■ WORK TO COMPLETE
Only the tail of the listing is wanted: the line containing "2025年,是阳光科密的十周" and all after it, repeated exactly, pictures omitted.

■ DATA SEGMENT
-- Opening Marker --
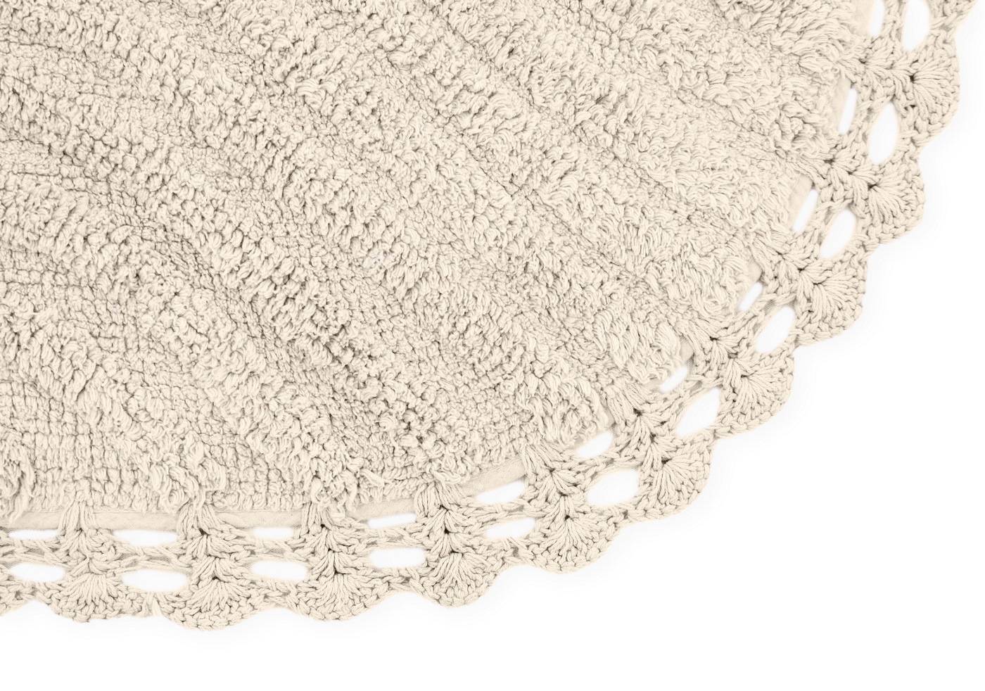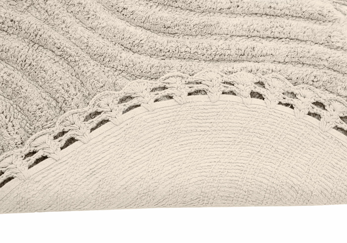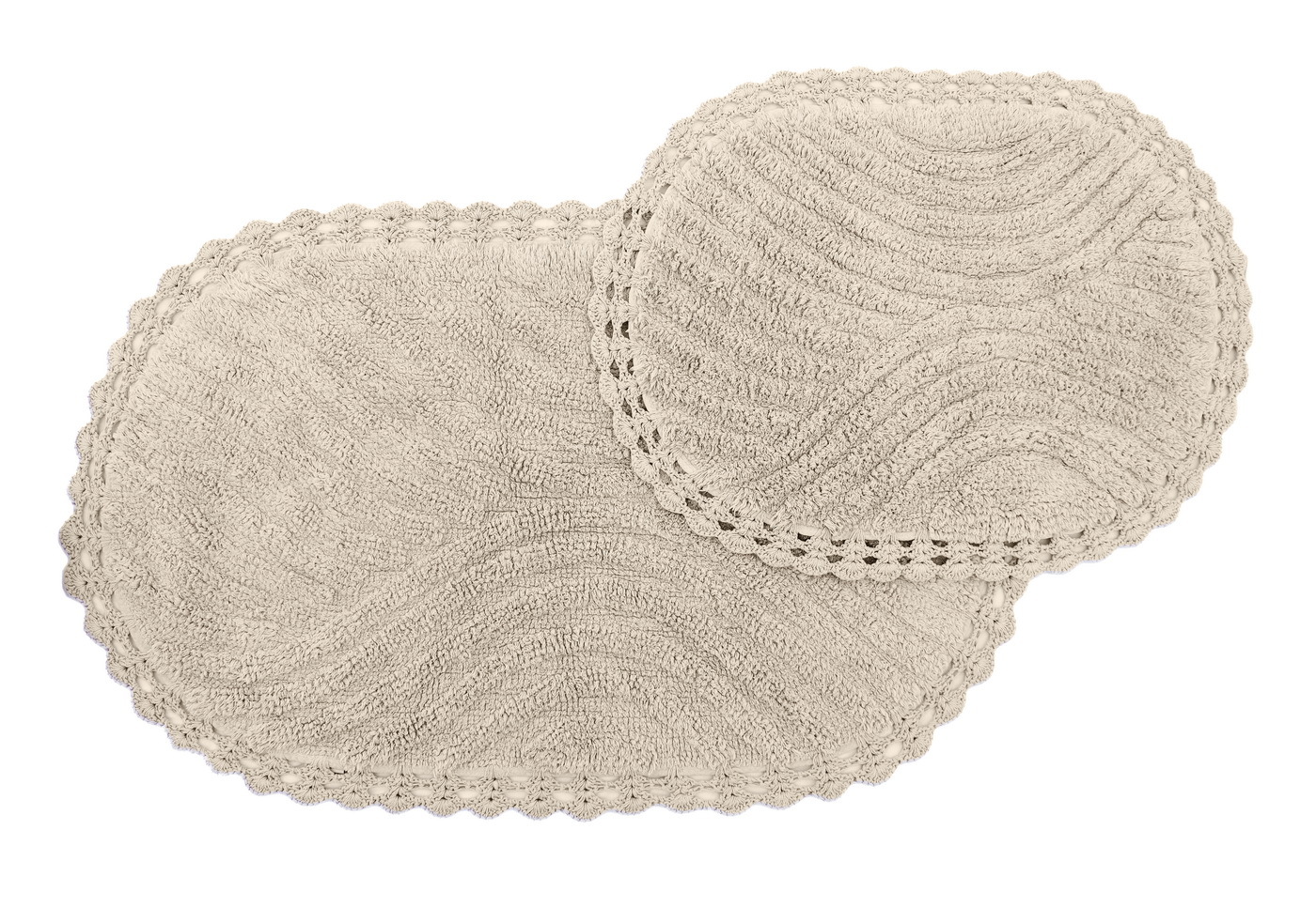 Кружевные коврики для ванной комнаты из высококачественного 100% хлопка не только мгновенно впитывают влагу, они мягкие и приятные на ощупь, а цветовая палитра воссоздает природные оттенки. Коврики из натуральных материалов прекрасно подойдут для современных, классических, а также для интерьеров в стиле «прованс».
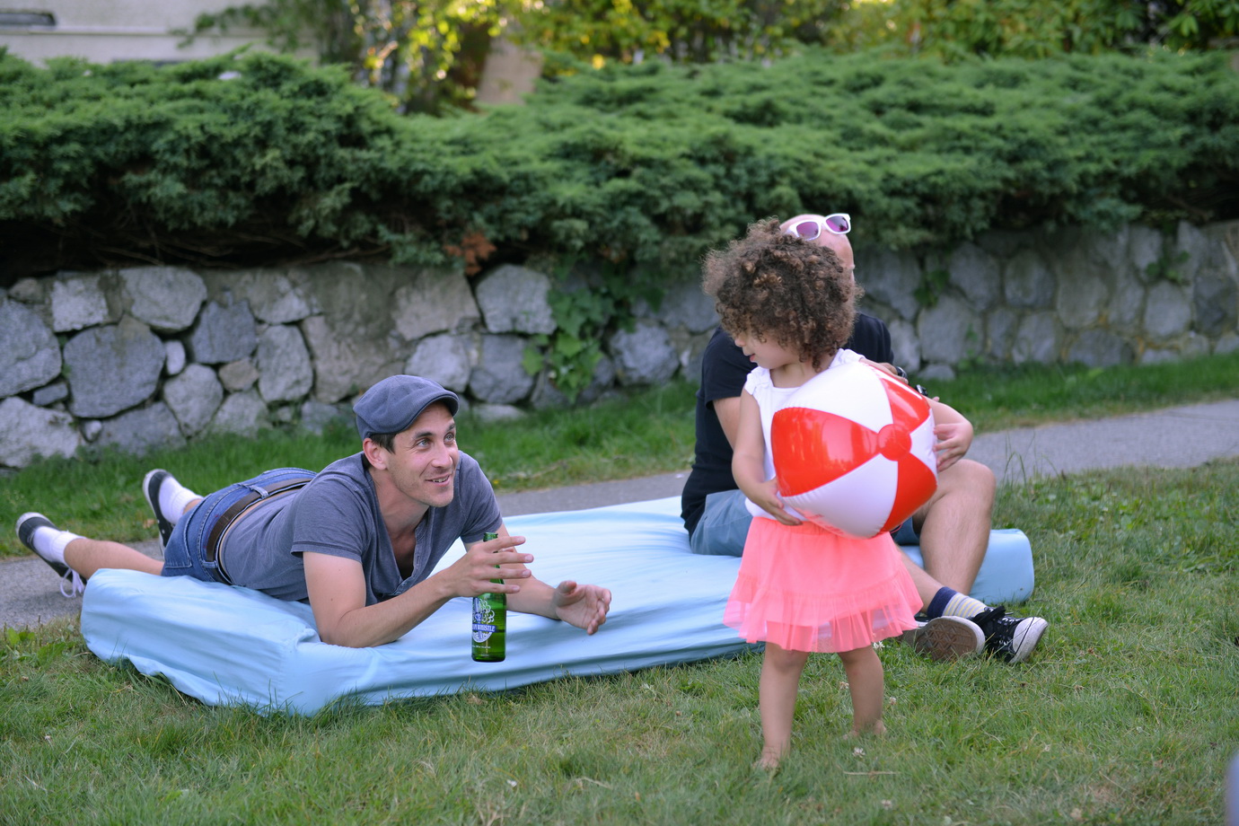 וגם בגלל שהגענו הנה לחופשת קיץ ארוכה בלי גן, בלי חברים, בלי כמעט ילדים שאנחנו מכירים (מכירים את הבנות של אחותי שעם כל הכבוד גדולות ועסוקות בענייניהן חוץ מבלשחק איתנו, ופוגשים ילדים דוברי אנגלית בגינה. הבנות מדברות איתם עברית, ועלמה רצה אלי כל רגע לבקש תרגום: "אמא – איך אומרים בואי אחרי?" "איך אומרים זאת היא תמר?" שפה זה לא ממש מכשול בין ילדים, אבל זה תמיד רק לזמן קצר ואז הם הולכים).
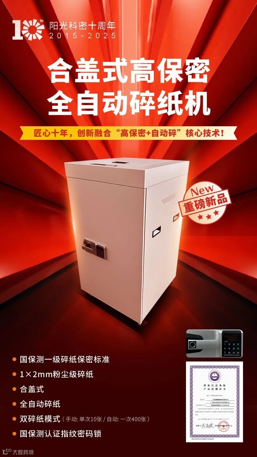 2025年,是阳光科密的十周年。值此重要时刻,阳光科密重磅推出合盖式高保密全自动碎纸机!这款新品,是行业第一次将国保测认证的高保密与合盖式自动碎完美结合,将开启高保密自动碎纸新时代!
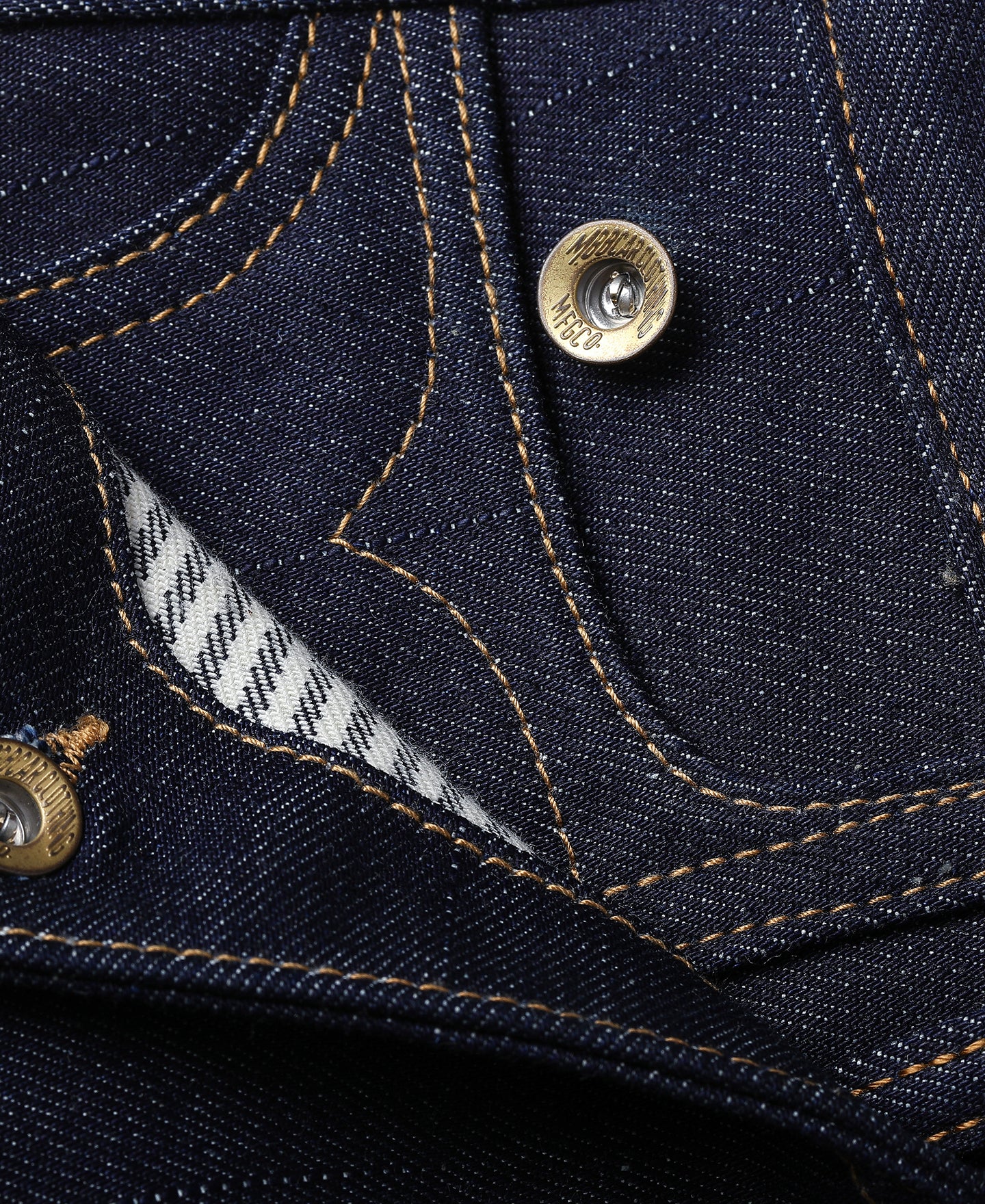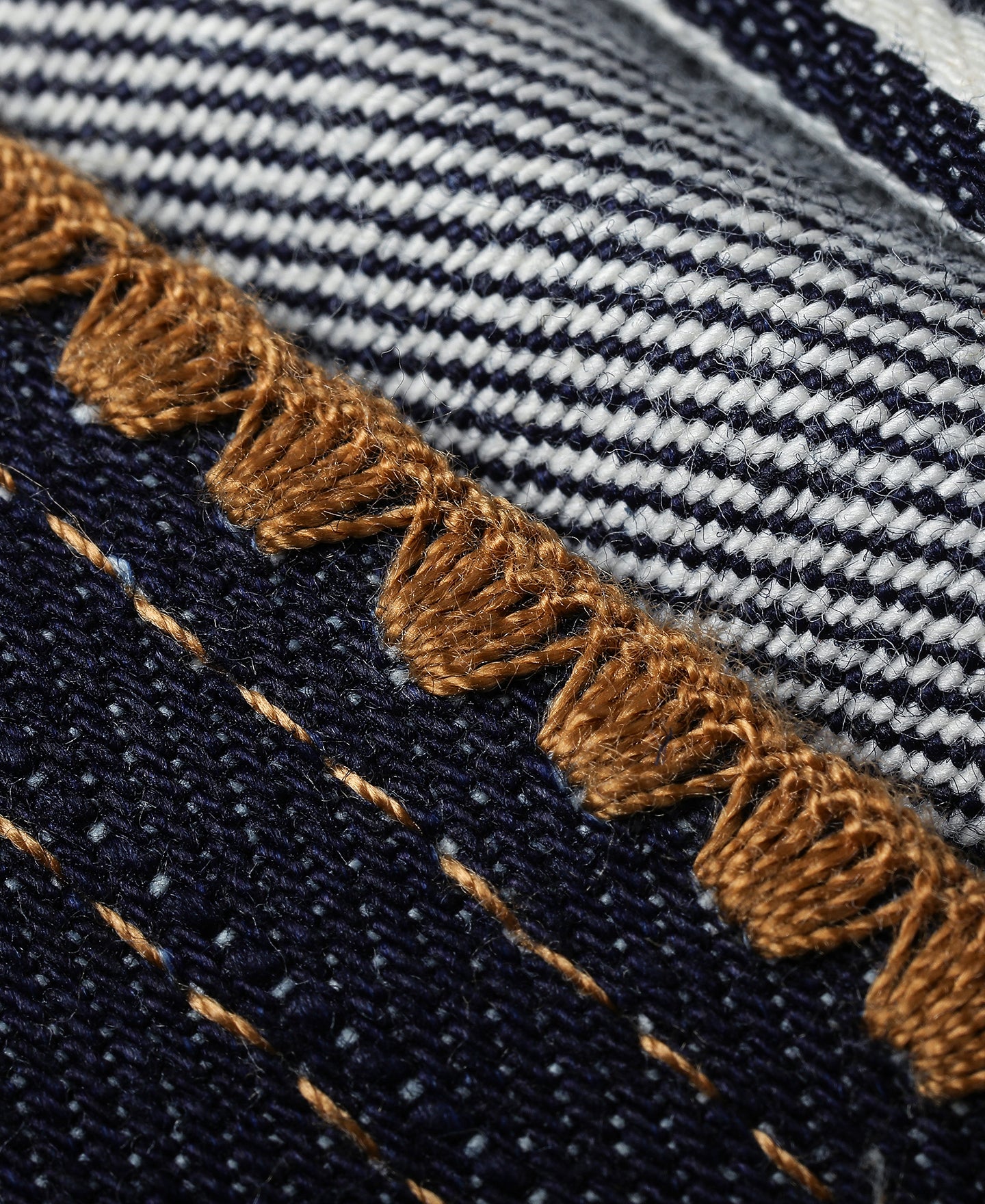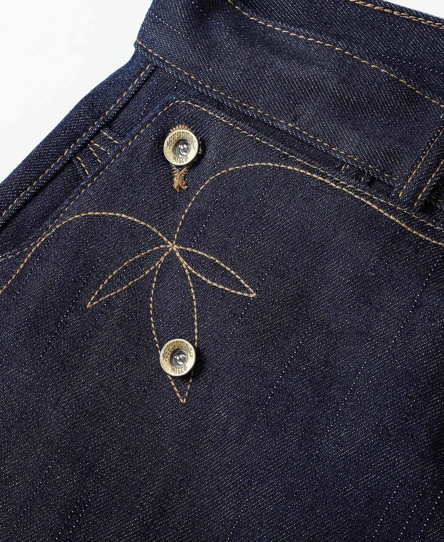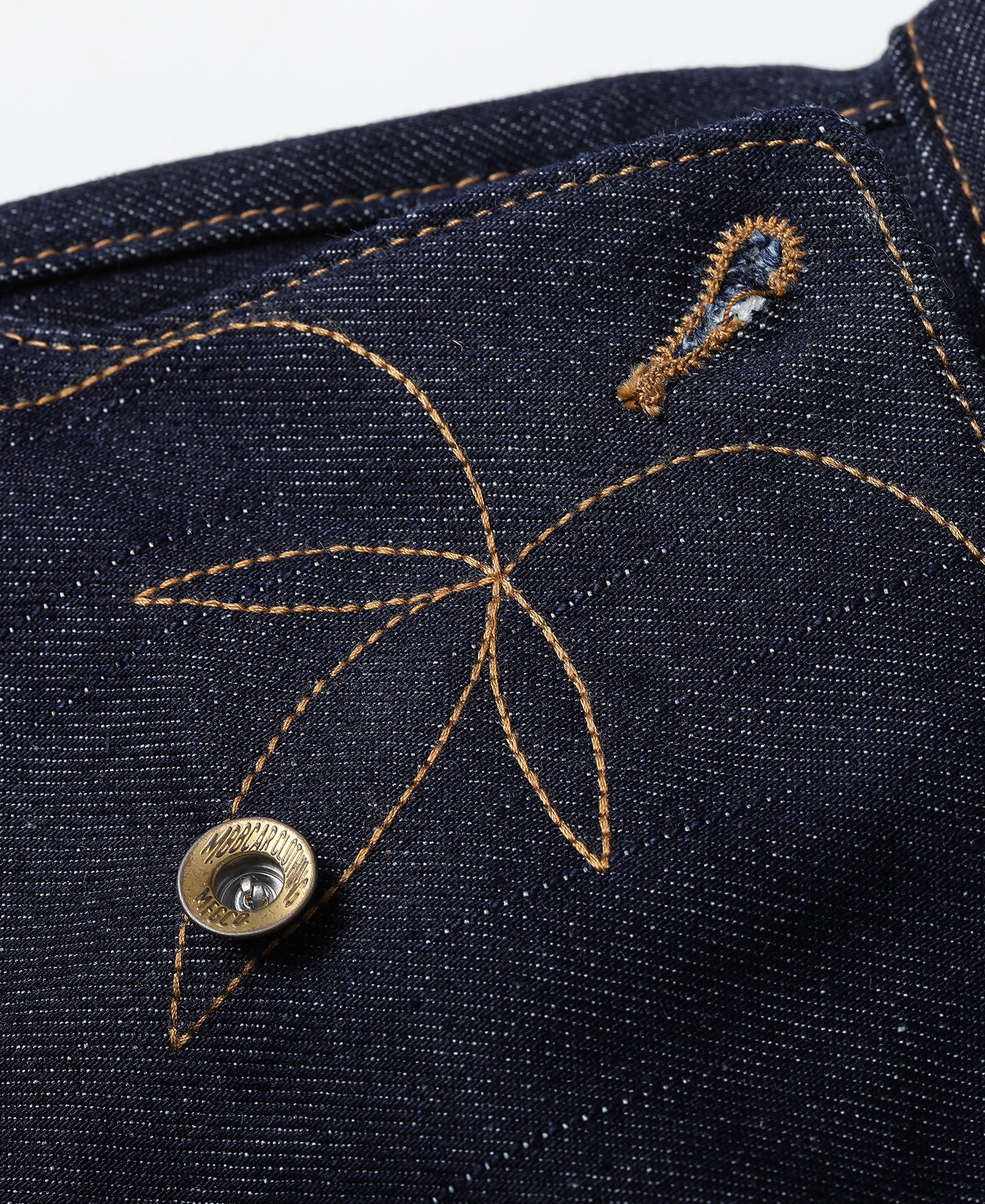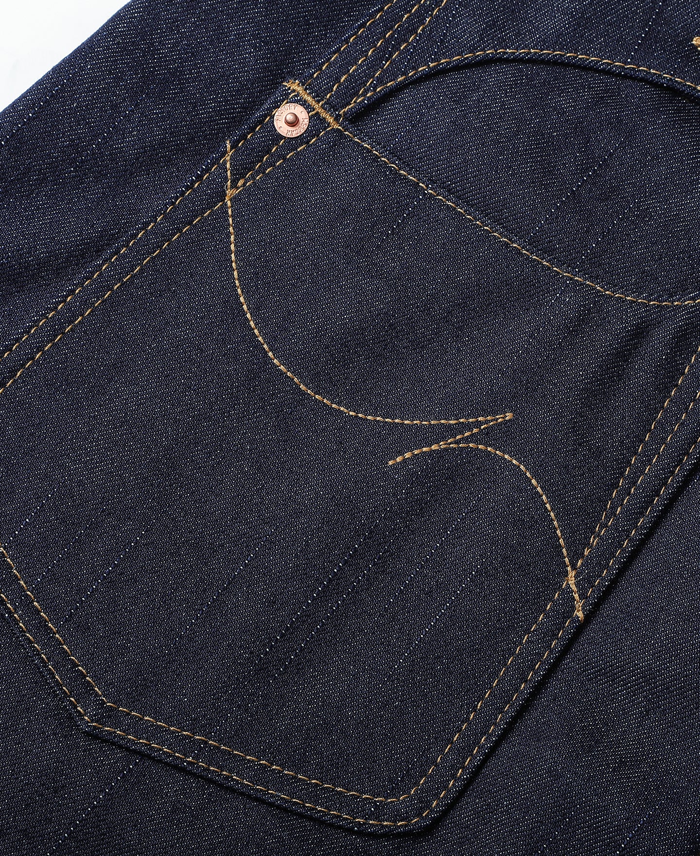 Crafted from 17.7oz kasuri-patterned denim woven on vintage looms, this piece highlights the traditional kasuri technique — a weaving method that creates subtle, irregular patterns for a unique textured look.
-- Closing Marker --
■ ANSWER TO THIS EXERCISE
 2025年,是阳光科密的十周年。值此重要时刻,阳光科密重磅推出合盖式高保密全自动碎纸机!这款新品,是行业第一次将国保测认证的高保密与合盖式自动碎完美结合,将开启高保密自动碎纸新时代!
 Crafted from 17.7oz kasuri-patterned denim woven on vintage looms, this piece highlights the traditional kasuri technique — a weaving method that creates subtle, irregular patterns for a unique textured look.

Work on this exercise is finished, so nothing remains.